Activity: Beginning with the line of the entries below that holds "Purple ribbed merino wool sweater" and ending with the line that holds "陆机(261-303),字士", transcribe each line exactly as written. Pictures stay out.

Data for analysis:
================================
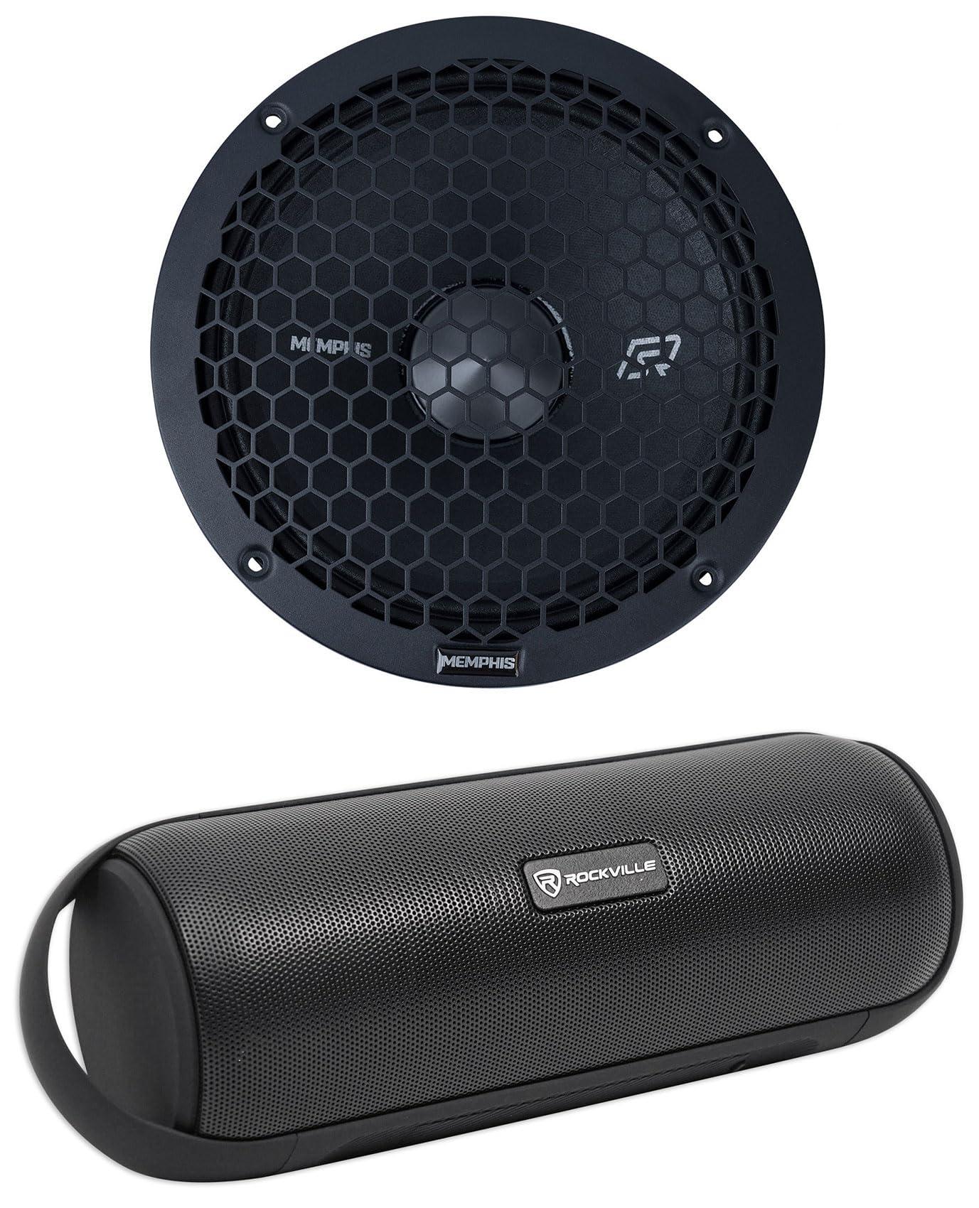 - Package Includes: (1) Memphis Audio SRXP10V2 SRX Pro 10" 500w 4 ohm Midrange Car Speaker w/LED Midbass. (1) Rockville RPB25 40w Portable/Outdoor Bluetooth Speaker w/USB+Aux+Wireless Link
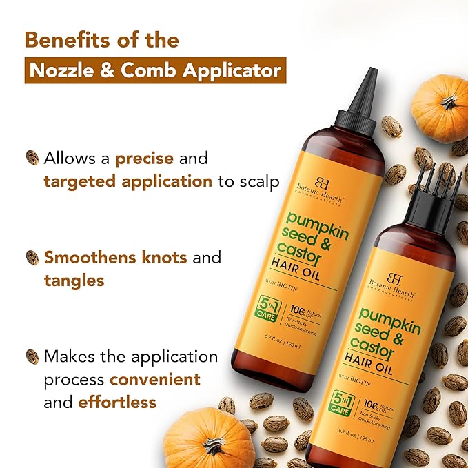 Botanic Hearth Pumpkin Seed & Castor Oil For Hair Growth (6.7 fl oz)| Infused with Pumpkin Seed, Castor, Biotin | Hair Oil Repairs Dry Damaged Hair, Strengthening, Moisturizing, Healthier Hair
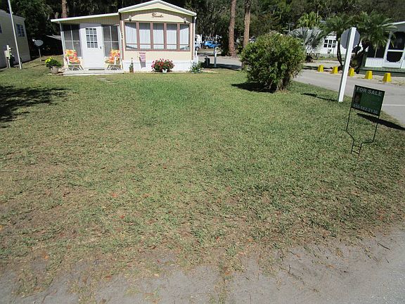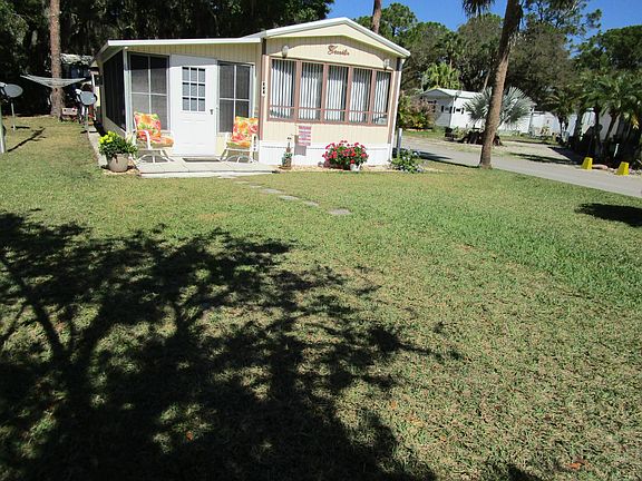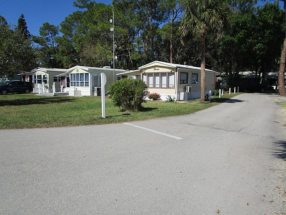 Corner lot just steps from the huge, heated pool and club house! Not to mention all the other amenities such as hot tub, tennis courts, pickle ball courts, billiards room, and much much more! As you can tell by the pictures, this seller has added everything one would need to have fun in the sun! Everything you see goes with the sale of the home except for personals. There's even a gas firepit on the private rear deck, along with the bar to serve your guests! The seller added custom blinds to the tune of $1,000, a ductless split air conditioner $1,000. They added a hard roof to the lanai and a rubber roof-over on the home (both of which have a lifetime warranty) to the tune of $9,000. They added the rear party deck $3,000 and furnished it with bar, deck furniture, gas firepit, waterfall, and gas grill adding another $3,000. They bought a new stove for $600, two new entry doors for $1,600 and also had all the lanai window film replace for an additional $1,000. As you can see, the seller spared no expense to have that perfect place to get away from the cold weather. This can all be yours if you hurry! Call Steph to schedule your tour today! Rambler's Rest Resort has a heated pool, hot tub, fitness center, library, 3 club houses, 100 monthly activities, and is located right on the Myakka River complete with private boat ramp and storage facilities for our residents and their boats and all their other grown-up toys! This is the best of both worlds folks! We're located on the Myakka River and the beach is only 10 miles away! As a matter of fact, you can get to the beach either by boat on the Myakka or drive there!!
================================
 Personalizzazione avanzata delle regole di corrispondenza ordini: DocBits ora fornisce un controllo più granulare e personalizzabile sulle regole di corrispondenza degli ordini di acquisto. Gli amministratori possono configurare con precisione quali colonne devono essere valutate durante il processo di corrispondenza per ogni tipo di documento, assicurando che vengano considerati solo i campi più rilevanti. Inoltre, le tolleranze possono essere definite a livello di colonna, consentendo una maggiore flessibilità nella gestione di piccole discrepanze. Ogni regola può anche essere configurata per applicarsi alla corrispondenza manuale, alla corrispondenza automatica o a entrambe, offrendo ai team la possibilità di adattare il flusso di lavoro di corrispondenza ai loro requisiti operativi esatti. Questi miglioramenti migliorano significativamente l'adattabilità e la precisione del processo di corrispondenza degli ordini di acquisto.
================================
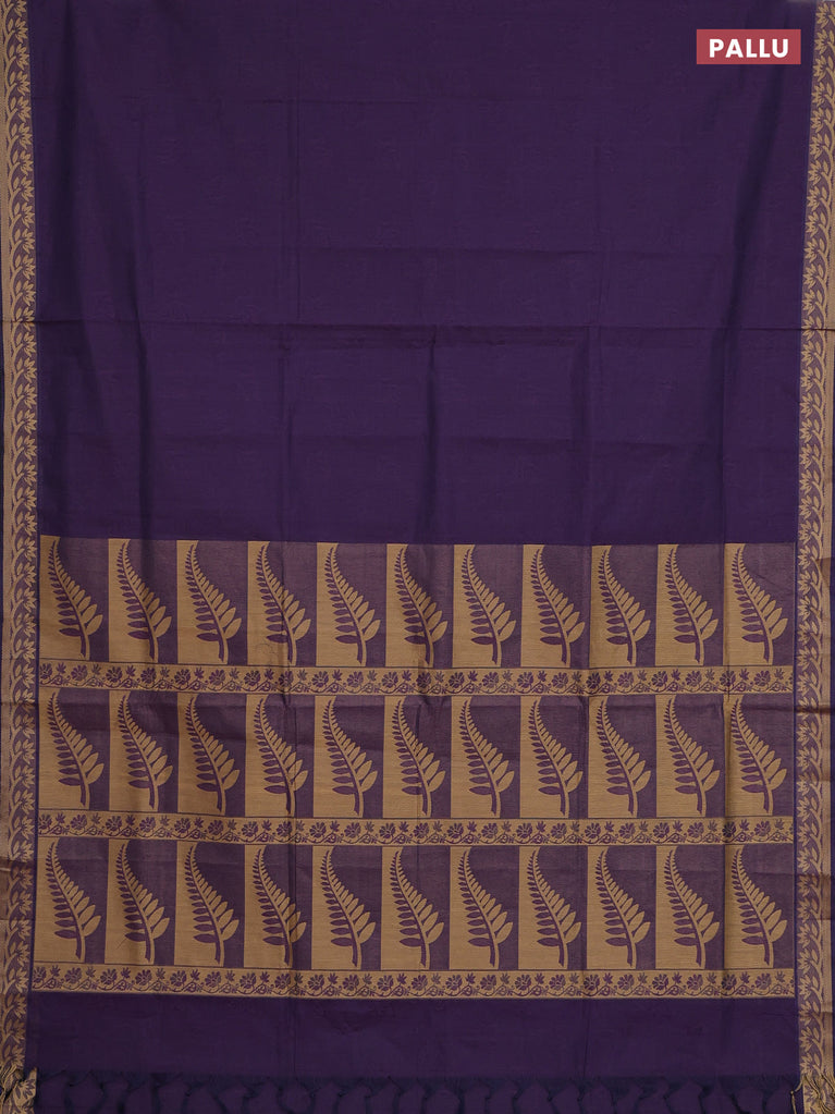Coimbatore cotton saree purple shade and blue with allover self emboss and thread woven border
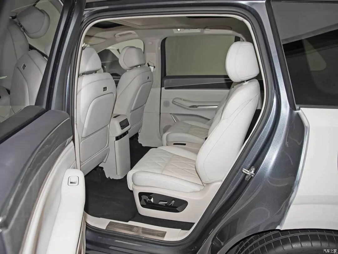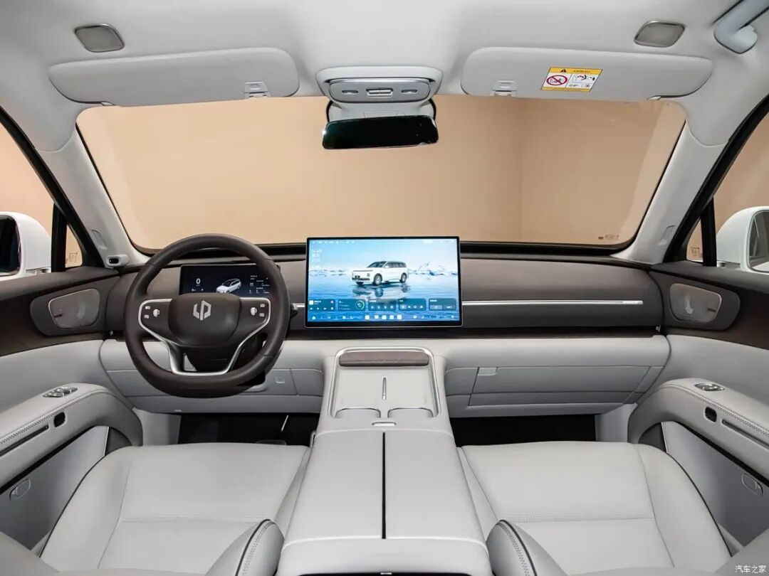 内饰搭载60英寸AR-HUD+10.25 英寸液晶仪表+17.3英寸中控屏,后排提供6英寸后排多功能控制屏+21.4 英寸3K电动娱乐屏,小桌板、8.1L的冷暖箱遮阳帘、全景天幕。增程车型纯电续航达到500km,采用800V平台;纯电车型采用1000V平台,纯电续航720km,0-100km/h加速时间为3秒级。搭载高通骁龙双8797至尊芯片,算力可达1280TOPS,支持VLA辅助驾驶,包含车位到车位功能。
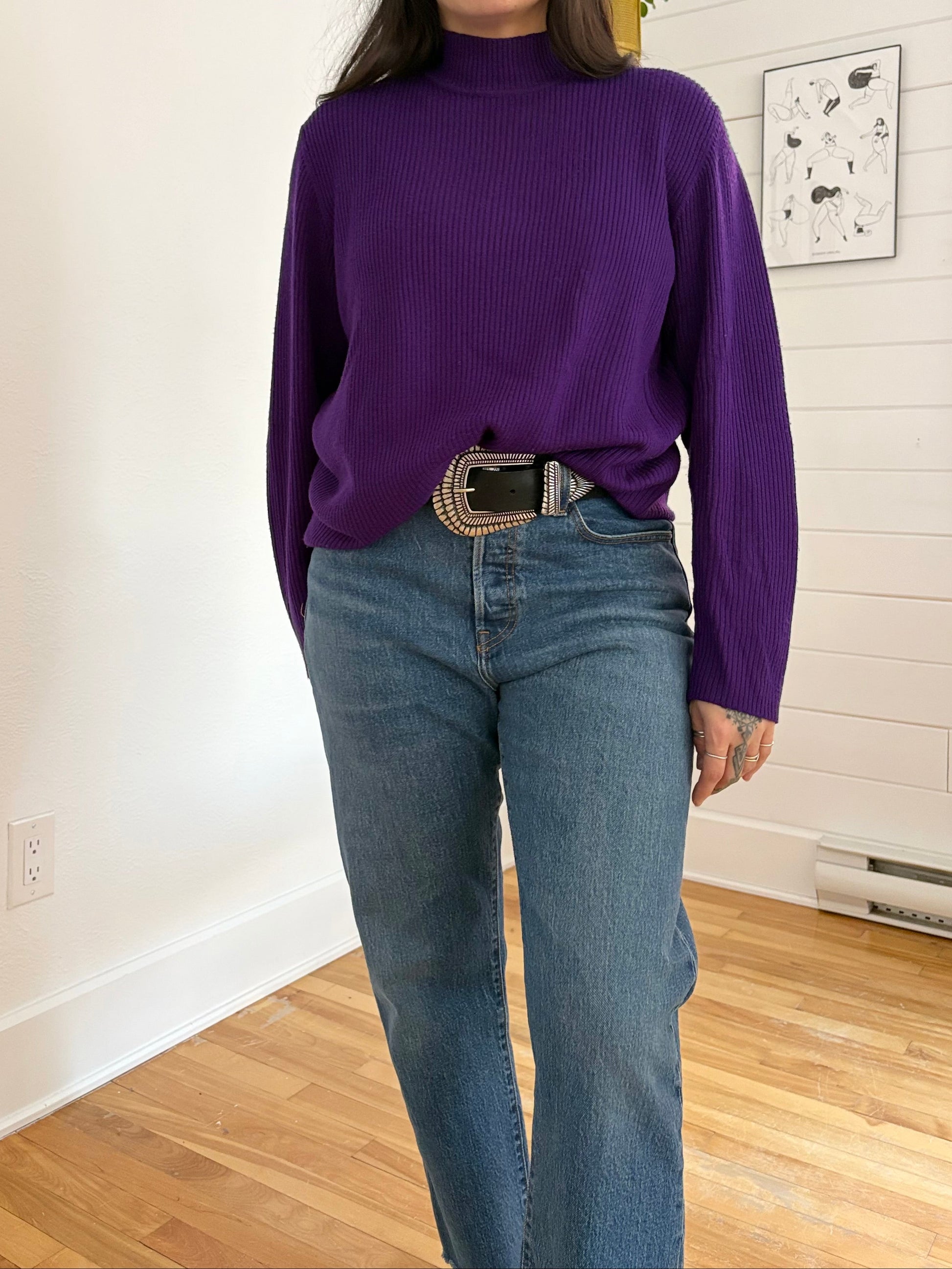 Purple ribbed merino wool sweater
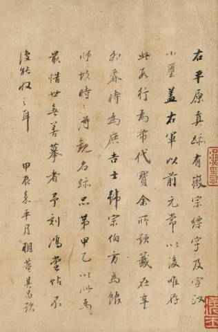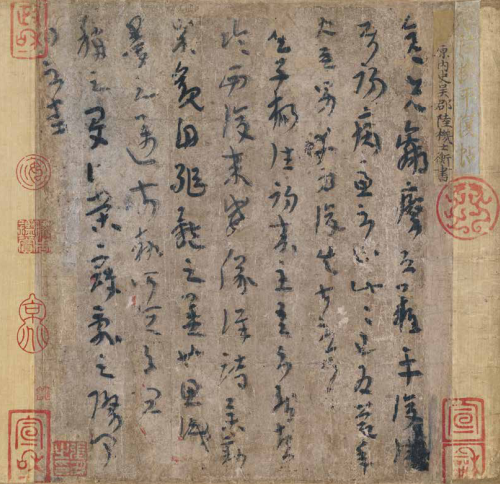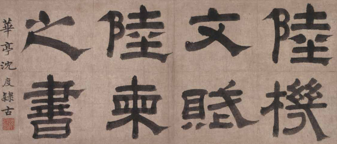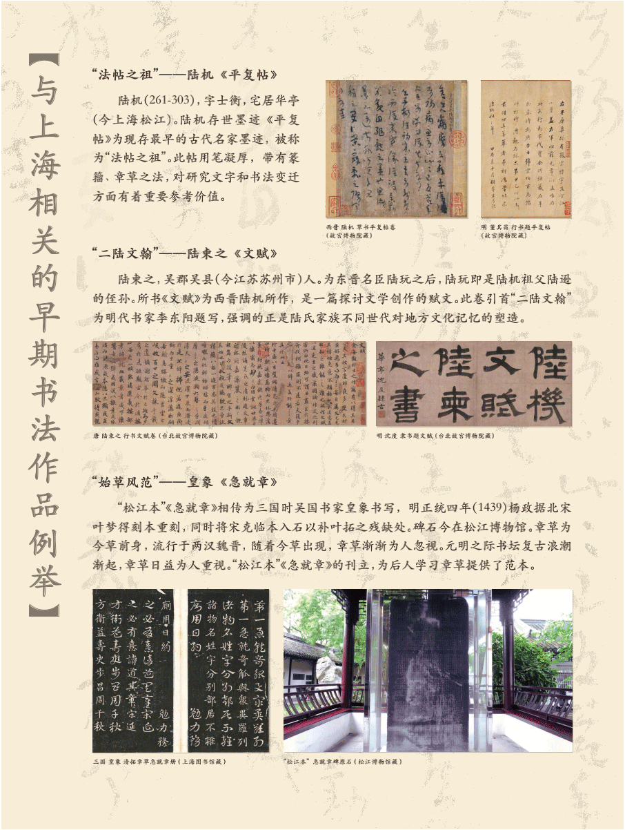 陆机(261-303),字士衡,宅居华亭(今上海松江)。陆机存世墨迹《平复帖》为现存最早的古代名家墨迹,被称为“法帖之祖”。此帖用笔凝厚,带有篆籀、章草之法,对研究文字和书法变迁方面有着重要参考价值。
================================
Answer below:
 Purple ribbed merino wool sweater
 陆机(261-303),字士衡,宅居华亭(今上海松江)。陆机存世墨迹《平复帖》为现存最早的古代名家墨迹,被称为“法帖之祖”。此帖用笔凝厚,带有篆籀、章草之法,对研究文字和书法变迁方面有着重要参考价值。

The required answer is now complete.